Prior to World War II, traditional Hispanic cultural values expected women to be homemakers and they rarely left the home to earn an income. This outlook discouraged women from joining the military. Only a small number of Hispanic women had joined before World War II. The outbreak of World War II changed many cultural prohibitions. With the creation of the Women's Army Auxiliary Corps (WAAC), predecessor of the Women's Army Corps (WAC), and the U.S. Navy's Women Accepted for Volunteer Emergency Service (WAVES), women could assume certain administrative duties vacated by the men who were reassigned to combat zones. Most women who served in the military joined the WAACs. One of the first Hispanic women to serve in the USAAF was Staff Sergeant Eva Romero Jacques. Romero Jacques, who spoke Spanish and English and had three years of college spent two years in the Pacific Theater, 1944 in New Guinea and 1945 in the Philippines, as an administrative aide. She also survived a plane crash in New Guinea.

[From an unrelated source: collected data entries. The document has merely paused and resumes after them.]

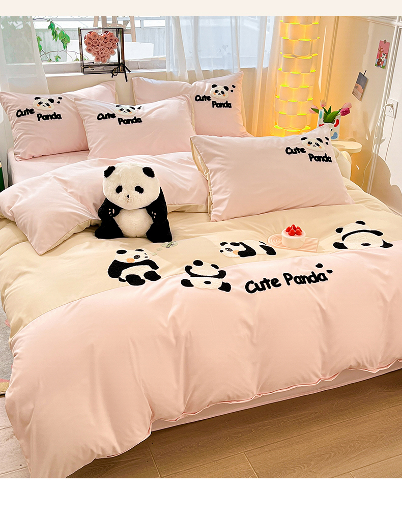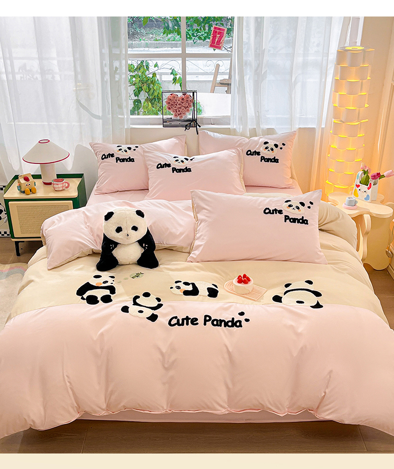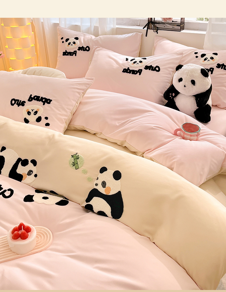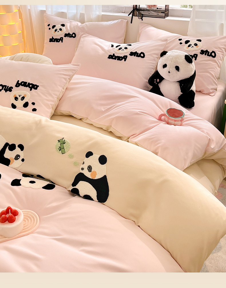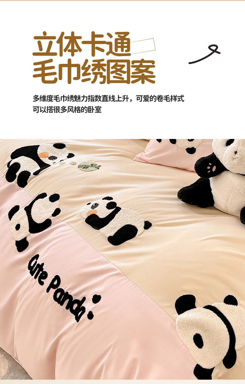 当前位置: 91家纺网 > 商品网购 > 床品套件 > 四件套 > 水洗棉四件套 > 一左一右 2024新款亲肤磨毛水洗棉拼接立体毛巾绣花卡通四件套儿童学生三件套床笠(提供买家秀) 熊猫派对-粉玉
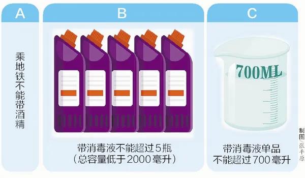 乘地铁禁带酒精 限量带消毒液
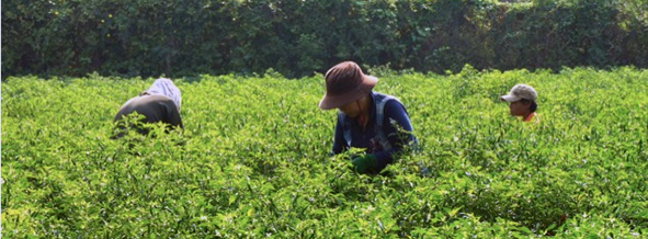 * Un ouvrier qui cueille les piments gagne 0,90€ par 1 kg.

In 1944, the Army recruited women in Puerto Rico for a segregated Hispanic unit in the Women's Army Corps (WAC). Over 1,000 applications were received for the unit, which was to be composed of 200 women. After their basic training at Fort Oglethorpe, Georgia, the Puerto Rican WAC unit (Company 6, 2nd Battalion, 21st Regiment of the Women's Army Auxiliary Corps) was assigned to the New York Port of Embarkation to work in military offices planning the shipment of troops around the world. Among them was PFC Carmen García Rosado, who in 2006, authored and published a book titled "LAS WACS – Participacion de la Mujer Boricua en la Segunda Guerra Mundial" (The WACs –The Participation of the Puerto Rican Women in the Second World War), the first book to document the experiences of Puerto Rican women who participated in the war. Not all of the WAAC units were stationed in the mainland USA. In January 1943, the 149th WAAC Post Headquarters Company became the first WAAC unit to go overseas when they went to North Africa. Serving overseas was dangerous for women; if captured, WAACs, as "auxiliaries" serving with the Army rather than in it, did not have the same protections under international law as male soldiers. This issue did not apply to the WAVES, who were granted full military benefits.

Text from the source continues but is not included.